Indexer as a service. Proof of concept

With a good indexer (low-cost, complete, fast, …), there would be an opportunity to build a special Explorer, a Where-Used/What-Used Explorer. All (related) data can be visualised in one click, without any further explicit searching or other actions to get to the final result. Only further navigation is needed to get to the result. It can/will open the blockchain to the user… for now, the Classic Explorers are the only small windows (with limited visibility) to the blockchain for end-users. These Explorers need frequent input of search arguments and selections from the user, who needs to be aware of the structure and interaction of the blockchain data.

From each entry-point (account, action, address, date, status, token, transaction, …), each result is only a few steps away, completely linked together.
The special/specific user-interface should do the most of the remaining job… after indexing and scrambling, exploring within a dynamic grid (…,parents,root,children,…) and navigation on the edge of web-standards (COULD BE A REAL BLOCKING PROBLEM !!!).

Maybe not needed for all data (blocks, chunks, access_keys), but very useful for other specific data in an end-user context (accounts, wallets, balances, transactions, receipts, staking, history, collectibles, nft’s, tokens, dates, …).

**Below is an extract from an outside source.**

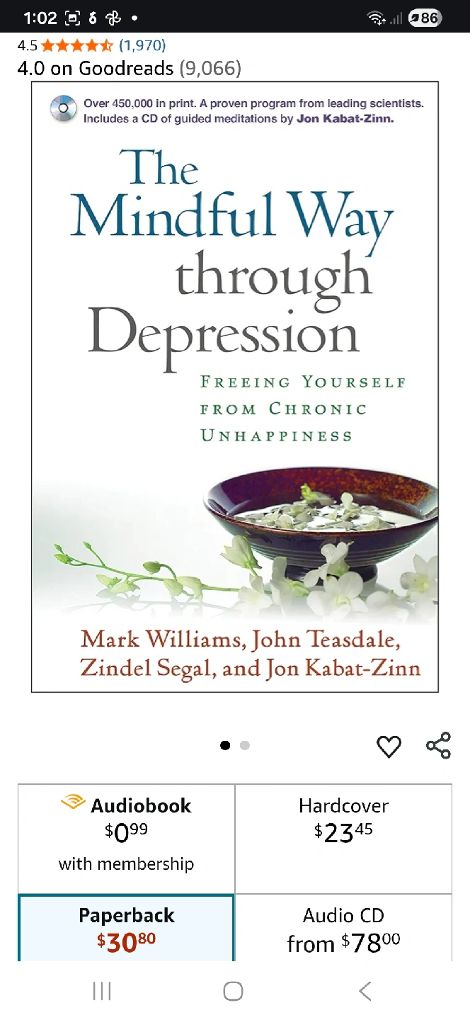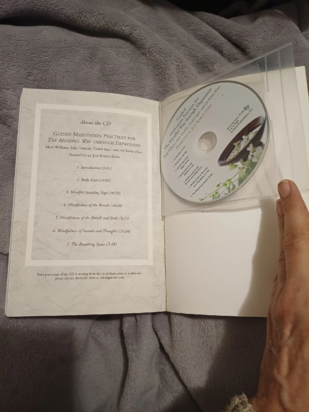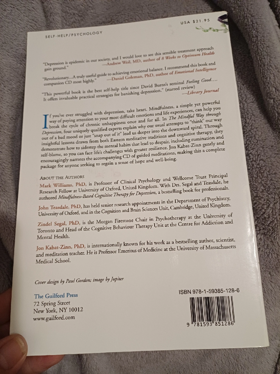 1000+"The Mindful Way through Depression" by Mark Williams, John Teasdale, Zindel Segal, and Jon Kabat-Zinn. This book helps free yourself from chronic unhappiness. It includes a CD of guided meditations by Jon Kabat-Zinn

As a result, NEAR would have a special blockchain explorer, with aspects of a personal organiser/wallet. Performance issues and web interface issues, but perfectly doable and it will open the blockchain to the end-user.
Aspects of personal organiser are memo’s, alerts, visual marks, duplicating and reordering, filtering , remembering navigation paths and more.
The user can organise his blockchain data and also other selected blockchain data in a way that helps him to better control his wallet.

Like a flat data file can have another dimension when imported in a spreadsheet, a filtered subset of a blockchain can better been displayed through a dynamic grid.

With a dynamic grid, I mean a grid that dynamically adds and removes columns and each column can display a hole filtered blockchain. The columns are dynamically created and linked per cell/item and the whole looks like an open book.

The book is virtually unlimited in size (cfr. blockchain), where each data-item/cell can become the root with his parents/grand-parents/… and children/grandchildren/… in a small configurable limited physical grid (from 7P > 3P/R/1C > 5C or the smallest grid with only 3 columns (3P > 2P/R > P/R/C > R/2C > 3C) where P=Parent Column, R=Root Column, C=Child Column. The grid scales/stretches differently in a Web page (7 columns or more), a mobile app (3 columns) or just 1 column if the wallet has lost it’s metadata. The last situation is comparable with the current “Recent Activity” backed by the Explorer via “View All”.

  1. Indexer as a Service.
  2. Scrambler as a Service.
  3. Dynamic Grid Explorer.
  4. Optional Organiser (with small local db needs).

I have included a simulation with really bad test data by means of 7 screenshots, that can simulate the grid navigation in a limited way.
The data is not really related, but just forced to be used as position fillers, to demonstrate the nature of the grid.
It would be much better with real data, because it’s all about the data. Because the data is so bad, it’s difficult to follow the dependancies/links by a first navigation. It just gives an impression of what I mean with a dynamic grid, a grid that generates the content of the next column for each individual selected cell/object. In the real grid every cell can become the next new root, with his parents/children and so, the navigation starts over without a limitation.

If you select one image, and then use the left and right arrows in a correct way (the left arrow, when going left until 3/green and the right arrow, when going to the right until 3/blue), you get an almost realistic simulation of the navigation.

The screenshots are not all very consistent, I mean they change the current selected cell in some cases (in the columns 1/green and 1/blue), this is not correct, but the result of making some mistakes/retries when taking the shots. And I was not willing to redo the previous shots. Its all about the global picture, don’t look at the details.